LVII. The Development of Material Knowledge
THROUGHOUT the seventeenth and eighteenth centuries and the opening years of the nineteenth century, while these conflicts of the powers and princes were going on in Europe, and the patchwork of the treaty of Westphalia (1648) was changing kaleidoscopically into the patchwork of the treaty of Vienna (1815), and while the sailing ship was spreading European influence throughout the world, a steady growth of knowledge and a general clearing up of men's ideas about the world in which they lived was in progress in the European and Europeanized world.
It went on disconnected from political life, and producing throughout the seventeenth and eighteenth centuries no striking immediate results in political life. Nor was it affecting popular thought very profoundly during this period. These reactions were to come later, and only in their full force in the latter half of the nineteenth century. It was a process that went on chiefly in a small world of prosperous and independent-spirited people. Without what the English call the "private gentleman," the scientific process could not have begun in Greece, and could not have been renewed in Europe. The universities played a part but not a leading part in the philosophical and scientific thought of this period. Endowed learning is apt to be timid and conservative learning, lacking in initiative and resistent to innovation, unless it has the spur of contact with independent minds.
We have already noted the formation of the Royal Society in 1662 and its work in realizing the dream of Bacon's New Atlantis. Throughout the eighteenth century there was much clearing up of general ideas about matter and motion, much mathematical advance, a systematic development of the use of optical glass in microscope and telescope, a renewed energy in classificatory natural history, a great revival of anatomical science. The science of geology-foreshadowed by Aristotle and anticipated by Leonardo da Vinci (1452-1519)-began its great task of interpreting the Record of the Rocks.
The progress of physical science reacted upon metallurgy. Improved metallurgy, affording the possibility of a larger and bolder handling of masses of metal and other materials, reacted upon practical inventions. Machinery on a new scale and in a new abundance appeared to revolutionize industry.
In 1804 Trevithick adapted the Watt engine to transport and made the first locomotive. In 1825 the first railway, between Stockton and Darlington, was opened, and Stephenson's "Rocket," with a thirteen-ton train, got up to a speed of forty-four miles per hour. From 1830 onward railways multiplied. By the middle of the century a network of railways had spread all over Europe.
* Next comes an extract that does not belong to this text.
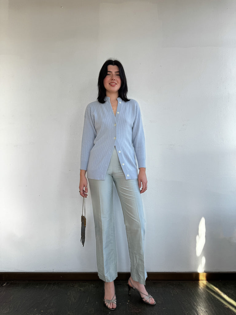 Valentino Ribbed Lettuce Sleeve Black Knit

Here was a sudden change in what had long been a fixed condition of human life, the maximum rate of land transport. After the Russian disaster, Napoleon travelled from near Vilna to Paris in 312 hours. This was a journey of about 1,400 miles. He was travelling with every conceivable advantage, and he averaged under 5 miles an hour. An ordinary traveller could not have done this distance in twice the time. These were about the same maximum rates of travel as held good between Rome and Gaul in the first century A.D. Then suddenly came this tremendous change. The railways reduced this journey for any ordinary traveller to less than forty-eight hours. That is to say, they reduced the chief European distances to about a tenth of what they had been. They made it possible to carry out administrative work in areas ten times as great as any that had hitherto been workable under one administration. The full significance of that possibility in Europe still remains to be realized. Europe is still netted in boundaries drawn in the horse and road era. In America the effects were immediate. To the United States of America, sprawling westward, it meant the possibility of a continuous access to Washington, however far the frontier travelled across the continent. It meant unity, sustained on a scale that would otherwise have been impossible.
The steamboat was, if anything, a little ahead of the steam engine in its earlier phases. There was a steamboat, the Charlotte Dundas, on the Firth of Clyde Canal in 1802, and in 1807 an American named Fulton had a steamer, the Clermont, with British-built engines, upon the Hudson River above New York. The first steamship to put to sea was also an American, the Phoenix, which went from New York (Hoboken) to Philadelphia. So, too, was the first ship using steam (she also had sails) to cross the Atlantic, the Savannah (1819). All these were paddle-wheel boats and paddlewheel boats are not adapted to work in heavy seas. The paddles smash too easily, and the boat is then disabled. The screw steamship followed rather slowly. Many difficulties had to be surmounted before the screw was a practicable thing. Not until the middle of the century did the tonnage of steamships upon the sea begin to overhaul that of sailing ships. After that the evolution in sea transport was rapid. For the first time men began to cross the seas and oceans with some certainty as to the date of their arrival. The transatlantic crossing, which had been an uncertain adventure of several weeks-which might stretch to months-was accelerated, until in 1910 it was brought down, in the case of the fastest boats, to under five days, with a practically notifiable hour of arrival.